Looks like another mother of all bombs - regular bunker buster!


----------



## koolhandk (Dec 17, 2007)

Now that's the Bigfoot we all know and love! So which foot did you kick this one with "Law" or "Order"?


----------



## Bigfoot (Jun 25, 2007)

koolhandk said:


> Now that's the Bigfoot we all know and love! So which foot did you kick this one with "Law" or "Order"?


Kicked #1 with Law, so #2 was with order!

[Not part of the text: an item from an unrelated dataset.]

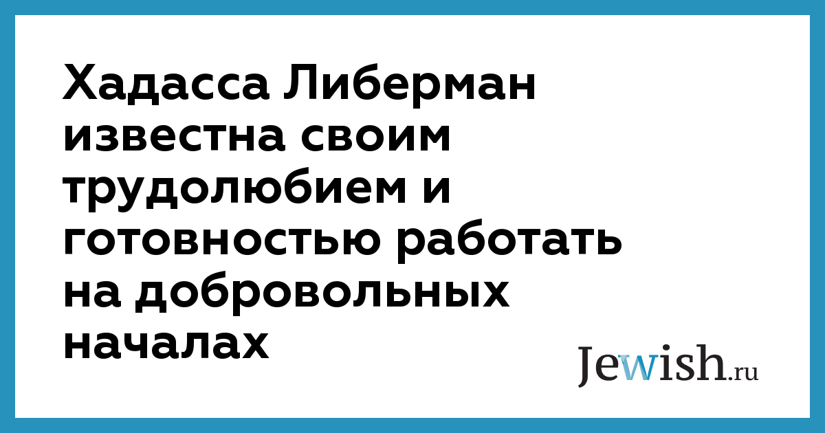 Хадасса Либерман известна своим трудолюбием и готовностью работать на добровольных началах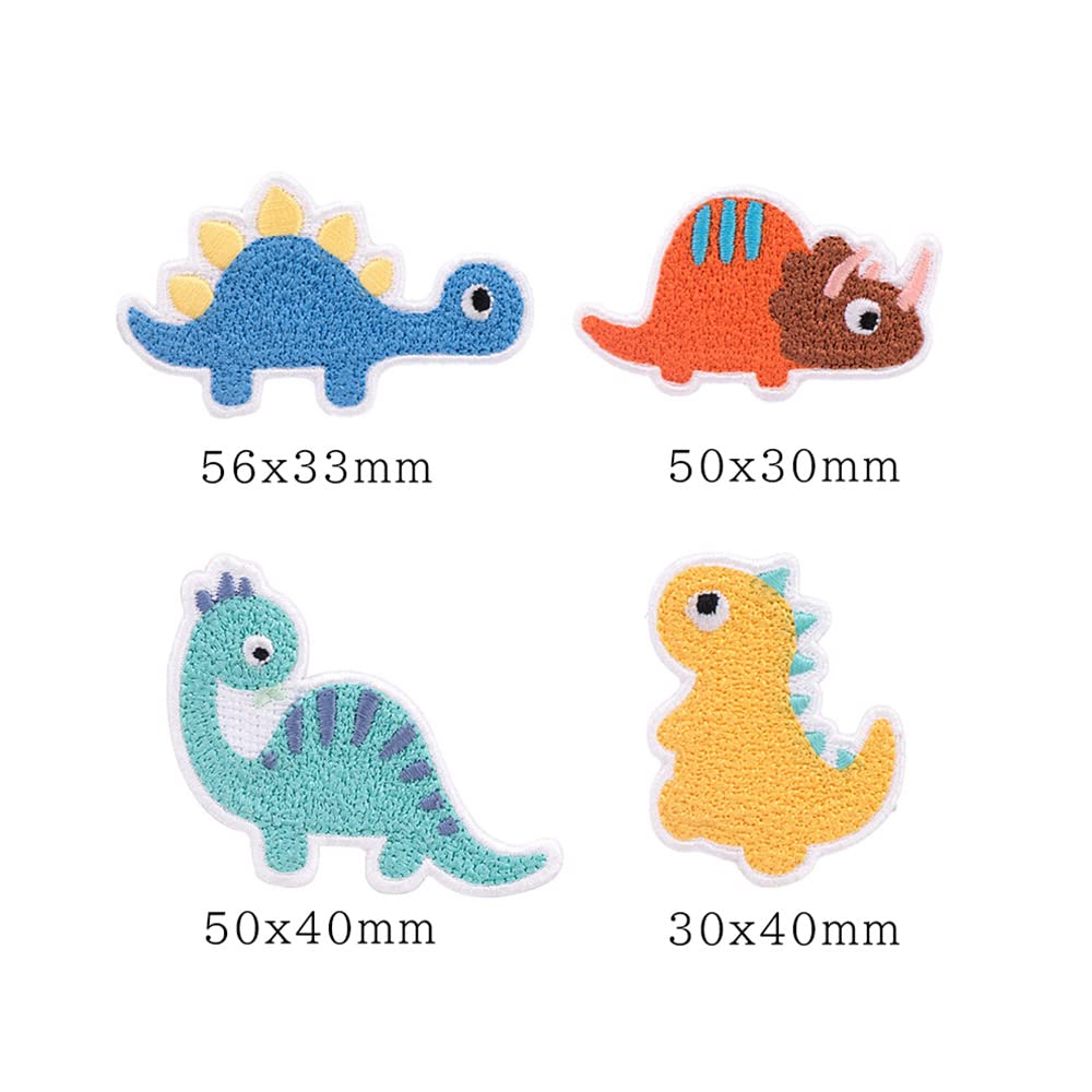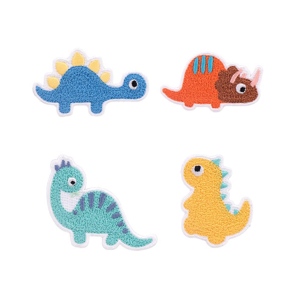 アイロン ワッペン 動物 アルファベット ベルクロ アップリケ おしゃれ 刺繍 入園 (恐竜 4点セット)

Wait for #3!!!


----------



## Lighthouse (Sep 5, 2007)

Uh Oh...looks like the fuse is hanging out the side.


----------



## LkyLindy (Feb 1, 2008)

Is that the WOMD that Bush went after Saddam for????
Damn-Bigfoot had it all this time


----------



## mhlatke (Oct 13, 2007)

Bigfoot is out for total annihilation!:eeek:
Gotta love it!


----------



## hiway_86 (Jan 9, 2008)

Holy crap man!!! cant wait to see the results of this one!!


----------



## Bigfoot (Jun 25, 2007)

if you live south of the Mason Dixon line, your safe...hahahahaha


----------



## Deuce Da Masta (Dec 4, 2006)

I think bigfoot has gone crazy!


----------



## [email protected] (Oct 18, 2007)

Bigfoot said:


> if you live south of the Mason Dixon line, your safe...hahahahaha


Guess that depends on how far south. I hear the fallout from a big one can drift for a very long distance...


----------



## canney (Sep 2, 2007)

Another big box, good luck


----------



## koolhandk (Dec 17, 2007)

Bigfoot said:


> Kicked #1 with Law, so #2 was with order! Wait for #3!!!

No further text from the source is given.